Epitopes described in "Molecular mimicry between cockroach and helminth glutathione S-transferases promotes cross-reactivity and cross-sensitization."

Article Authors:Helton C Santiago; Elyse LeeVan; Sasisekhar Bennuru; Flavia Ribeiro-Gomes; Ellen Mueller; Mark Wilson; Thomas Wynn; David Garboczi; Joseph Urban; Edward Mitre; Thomas B Nutman
Article Title:Molecular mimicry between cockroach and helminth glutathione S-transferases promotes cross-reactivity and cross-sensitization.
Reference Detail
Reference ID:1024481
Abstract:BACKGROUND: The extensive similarities between helminth proteins and allergens are thought to contribute to helminth-driven allergic sensitization.
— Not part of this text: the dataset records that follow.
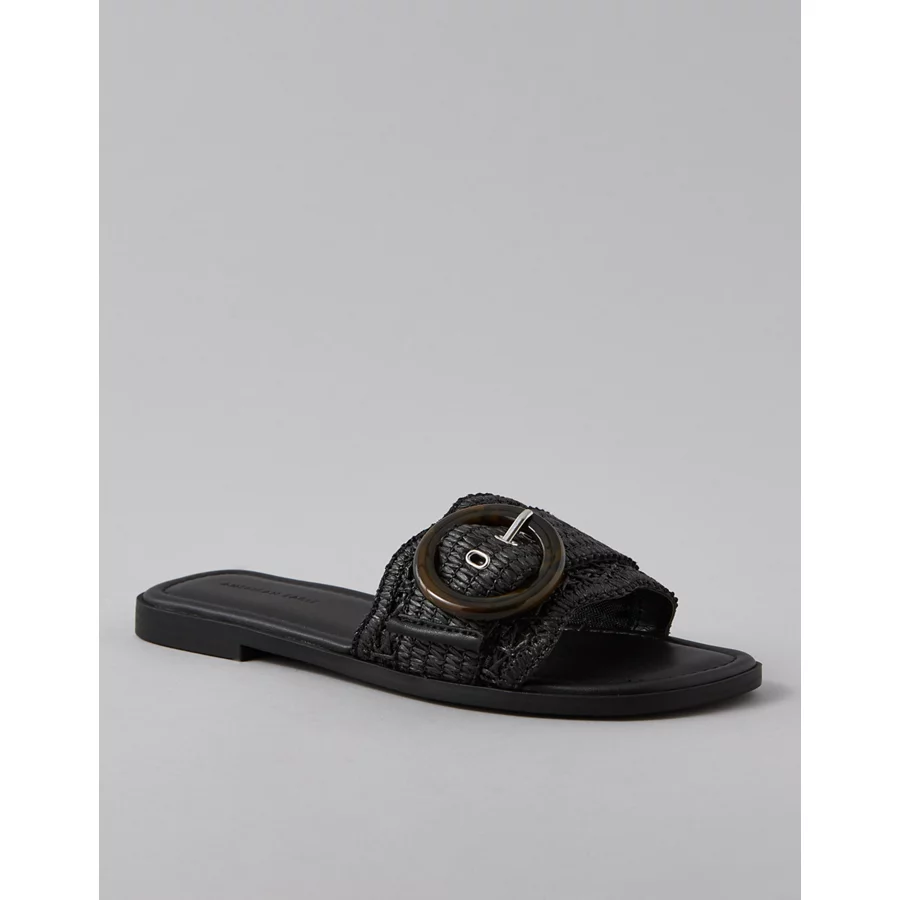 AE Raffia Buckle Slide Sandal – Black
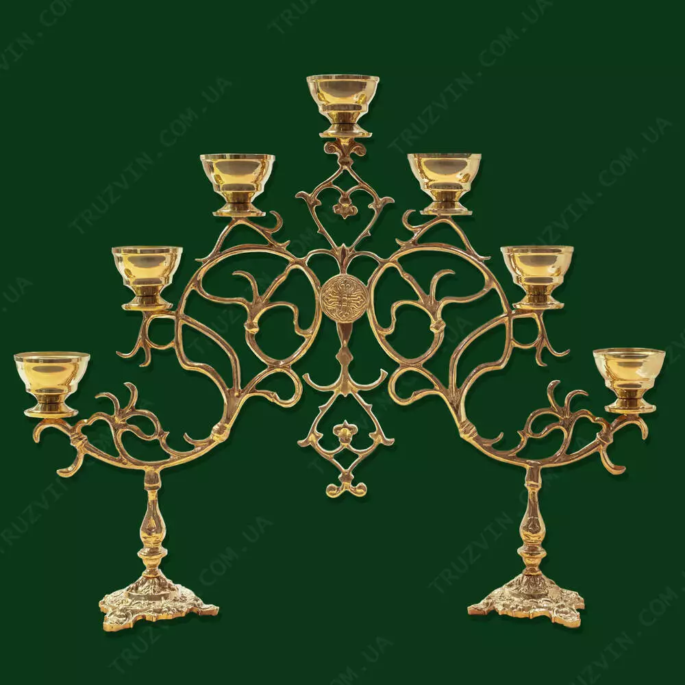 Напрестольный церковный семисвечник изготовлен из высококачественной латуни. Для большей красоты покрыт золотистой краской.
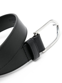 logo-engraved leather belt Highlights - Black - Calf leather - Logo-engraved buckle - Silver-tone hardware - Buckle fastening - Punched holes Made in Italy Composition Calf Leather 100%
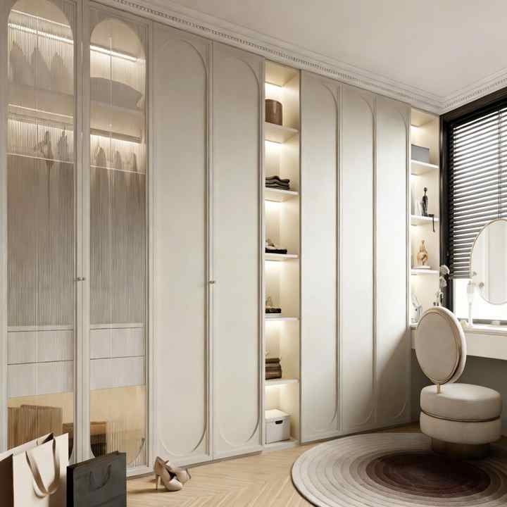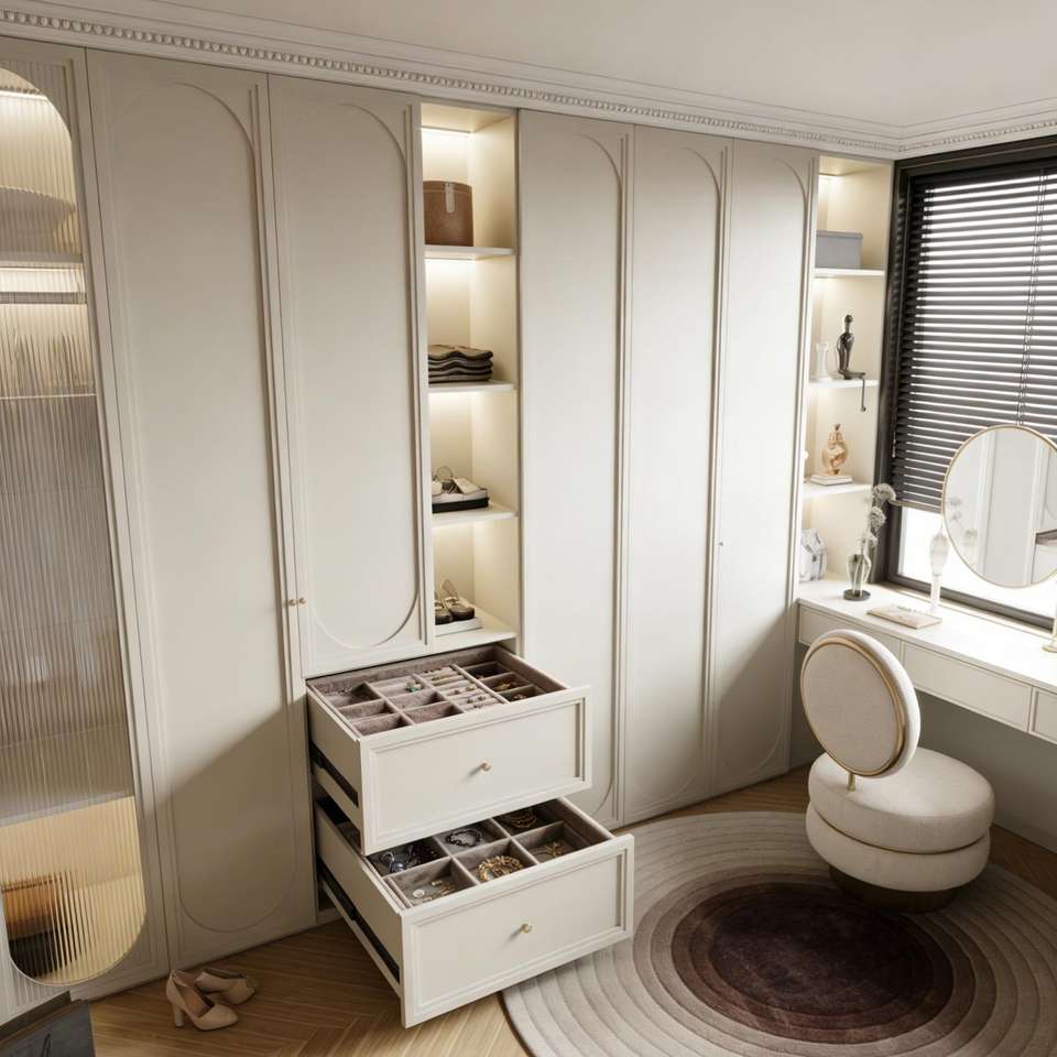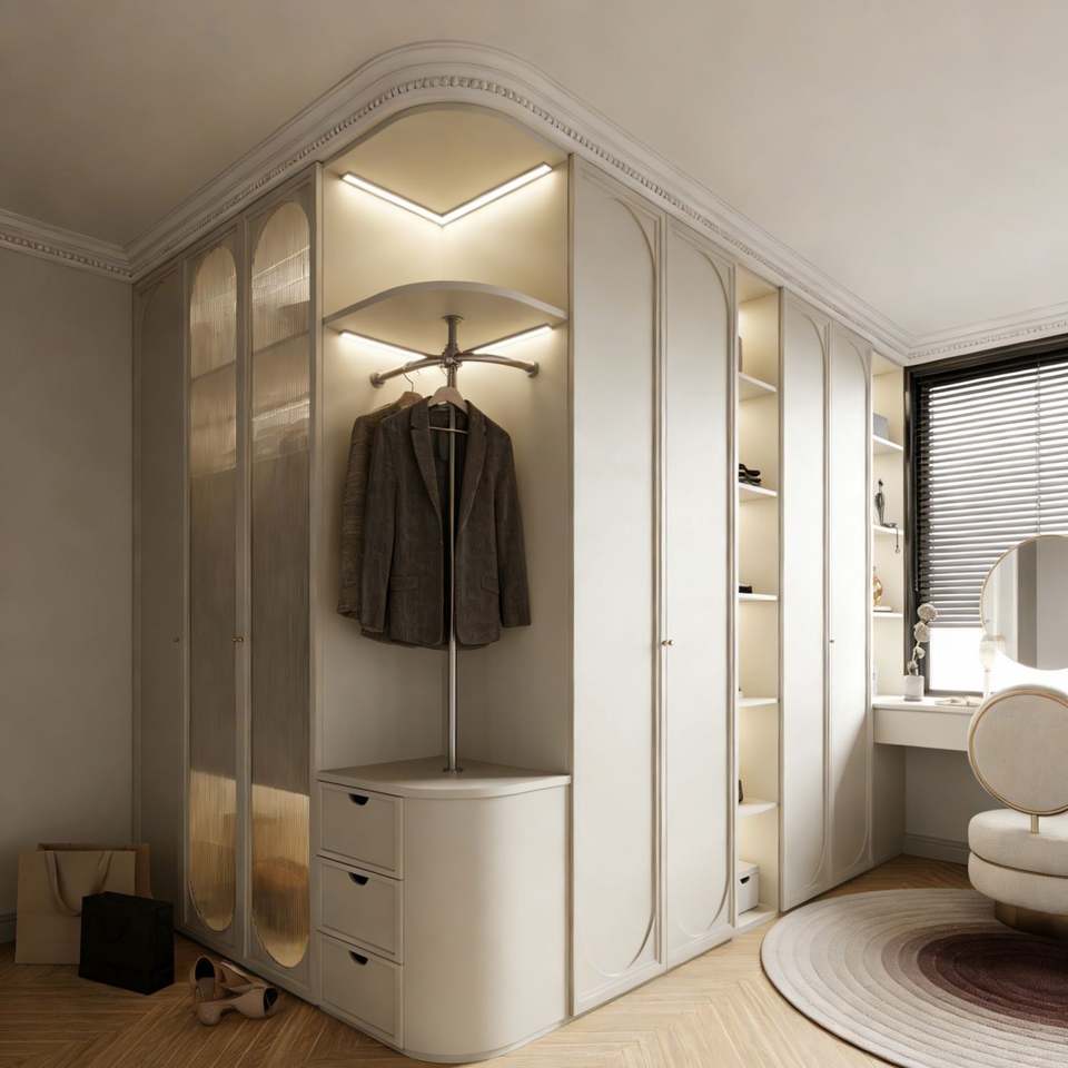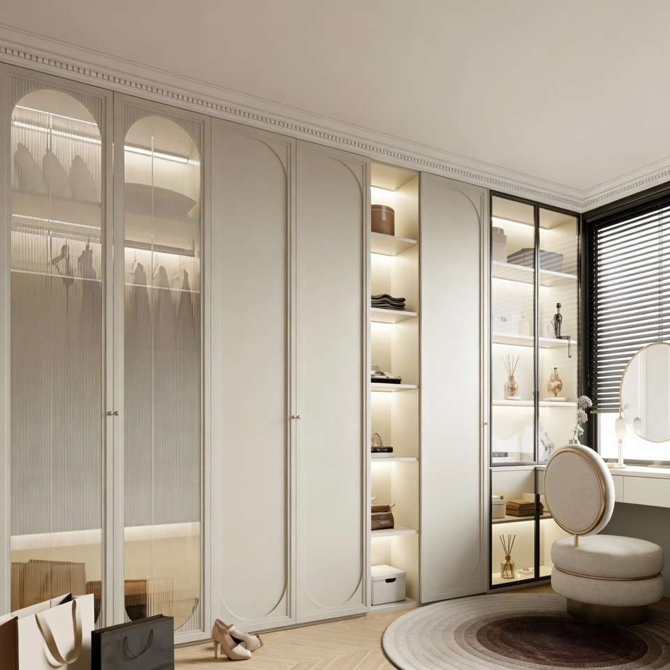 Modern Design Luxury Bedroom Wardrobe Clothes Storage With Arched Glass Doors Integrated LED Lighting & Vanity Nook
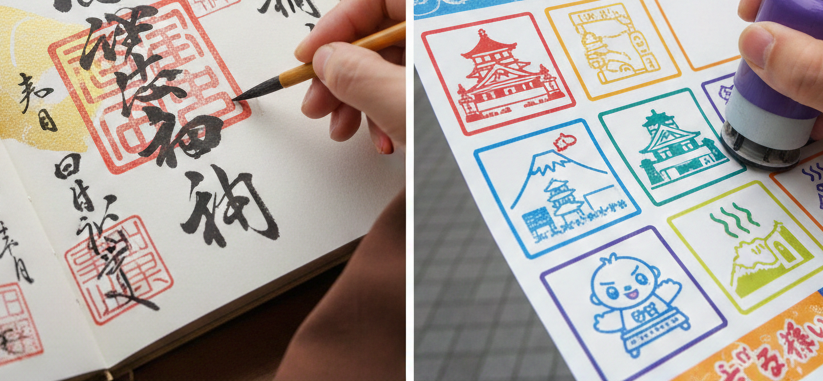 駅や観光案内所に置かれた記念スタンプと、御朱印。どちらも「訪れた証」である点では似ていますが、その構造は決定的に異なります。
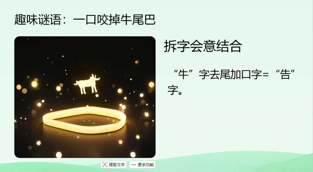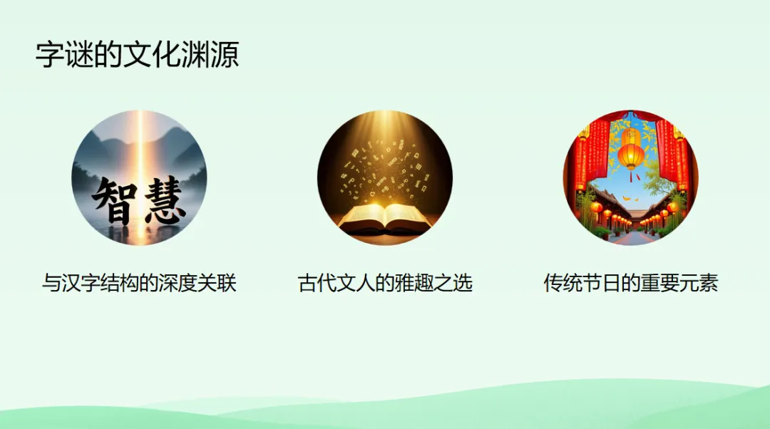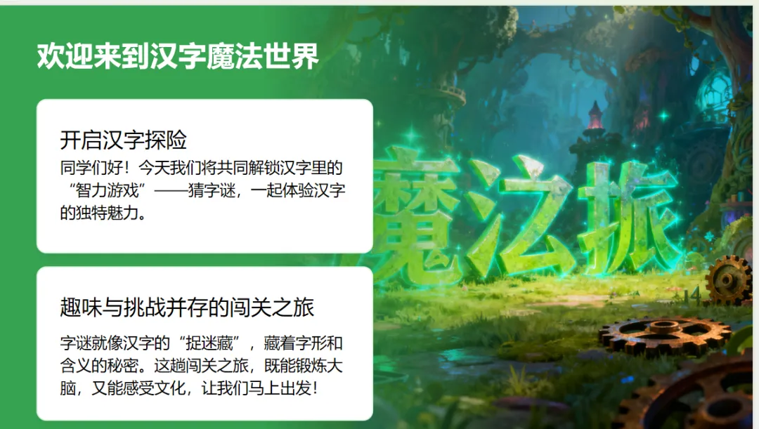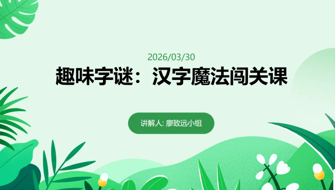 于是,我花了一整晚的时间,从挑选整理字谜、设计PPT模板,到写好详细的课件内容和演讲稿,每一步都很认真,力求让整个展示流畅自然。

OBJECTIVE: The objective of this study was to investigate the cross-reactivity between a major glutathione-S transferase allergen of cockroach (Bla g 5) and the glutathione-S transferase of Wuchereria bancrofti (WbGST), a major lymphatic filarial pathogen of humans. METHODS: We compared the molecular and structural similarities between Bla g 5 and WbGST by in silico analysis and by linear epitope mapping. The levels of IgE, IgG, and IgG(4) antibodies were measured in filarial-infected and filarial-uninfected patients. Mice were infected with Heligmosomoides bakeri, and their skin was tested for cross-reactive allergic responses. RESULTS: These 2 proteins are 30% identical at the amino acid level with remarkable similarity in the N-terminal region and overall structural conservation based on predicted 3-dimensional models. Filarial infection was associated with IgE, IgG, and IgG(4) anti-Bla g 5 antibody production, with a significant correlation between antibodies (irrespective of isotype) to Bla g 5 and WbGST (P< .0003). Preincubation of sera from cockroach-allergic subjects with WbGST partially depleted (by 50%-70%) anti-Bla g 5 IgE, IgG, and IgG(4) antibodies. IgE epitope mapping of Bla g 5 revealed that 2 linear N-terminal epitopes are highly conserved in WbGST corresponding to Bla g 5 peptides partially involved in the inhibition of WbGST binding. Finally, mice infected with H bakeri developed anti-HbGST IgE and showed immediate-type skin test reactivity to Bla g 5. CONCLUSION: These data demonstrate that helminth glutathione-S transferase and the aeroallergen Bla g 5 share epitopes that can induce allergic cross-sensitization.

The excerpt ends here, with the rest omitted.